Abbreviations: AUC, area under the curve; BMI, body mass index; CKD, chronic kidney disease; eGFR, estimated glomerular filtration rate; NPV, negative predictive value; PPV, positive predictive value; WHO, World Health Organization.

a

Prevalence represents the proportion of participants with amyloid β positron emission tomography positivity within each subgroup.

a

BMI was calculated as weight in kilograms divided by height in meters squared and categorized as underweight (<18.5), normal (≥18.5 and <27.5), and obese (≥27.5), adopting the WHO classification with an Asian-specific cutoff for obesity.

b

Anemia was defined by WHO criteria: hemoglobin <12.0 g/dL in women and <13.0 g/dL in men.
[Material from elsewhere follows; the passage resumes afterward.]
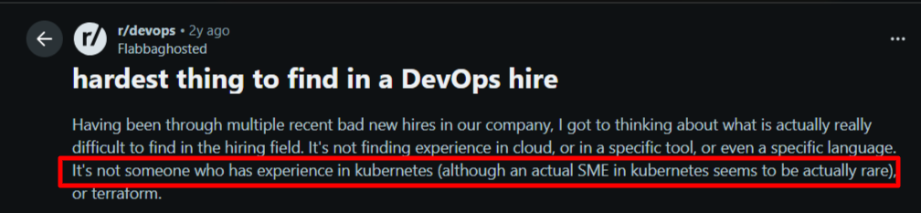 A Redditor also affirmed how rare it is to find someone with subject-matter expertise in Kubernetes.

Comparative Performance of Optimal and Double Cutoff Strategies Across Biological Subgroups

Cutoff comparisons were only performed in the UGOT/Roche cohorts as %p-tau217 analyzed by C2N platform were not associated with any biological factors. In the UGOT cohort, application of the optimal cutoff markedly reduced false-positive rates in CKD and anemia (−8.0% and −18.3%, respectively), while minimally increasing false-negative rates (0.8% and 2.6%, respectively), compared with the standard single cutoff (Figure 2), resulting in substantial accuracy gains. In CKD, accuracy increased from 0.65 to 0.83 (eGFR <45 mL/min/1.73 m2: from 0.46; 95% CI, 0.39-0.57; to 0.86; 95% CI, 0.71-0.96; P < .001 by McNemar test), and anemia showed a moderate improvement (from accuracy of 0.80; 95% CI, 0.76-0.84; to 0.86; 95% CI, 0.82-0.90; P < .001) (Table 2). Because CKD and anemia frequently co-occurred (odds ratio, 5.12; 95% CI, 3.44-7.63; P < .001), we reanalyzed subgroups excluding overlapping abnormalities. Accuracy improvements persisted independently (CKD without anemia: from 0.81; 95% CI, 0.70-0.91; to 0.91; 95% CI, 0.83-0.98; P = .004; anemia without CKD: from 0.87; 95% CI, 0.82-0.91; to 0.90; 95% CI, 0.86-0.94; P < .001) (eTable 2 in Supplement 1).
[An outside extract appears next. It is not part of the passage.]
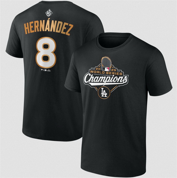 Home :: MLB :: MLB T-Shirt :: Los Angeles Dodgers :: Men Los Angeles Dodgers 8 Enrique Hernandez Black 2025 World Series Champions Name 26 Number T Shirt

Figure 2. Plasma Phosphorylated Tau 217 (p-Tau217) Cutoff Strategies in Special Populations in the UGOT and Roche Cohorts.

Figure 2.

Points indicate individual patients (dark gray: p-tau217 value below standard single cutoff; orange: p-tau217 value above standard single cutoff). Cohorts were named according to the testing platforms: the Simoa assay at University of Gothenburg (UGOT, A) and the Elecsys assay at Roche Diagnostics (Roche, B). Underweight refers to participants with a body mass index (BMI) less than 18.5 (calculated as weight in kilograms divided by height in meters squared), obesity refers to BMI of 27.5 or greater, and anemia refers to a hemoglobin less than 12 g/dL in women and less than 13 g/dL in men. CKD indicates chronic kidney disease; eGFR, estimated glomerular filtration rate; PET, positron emission tomography.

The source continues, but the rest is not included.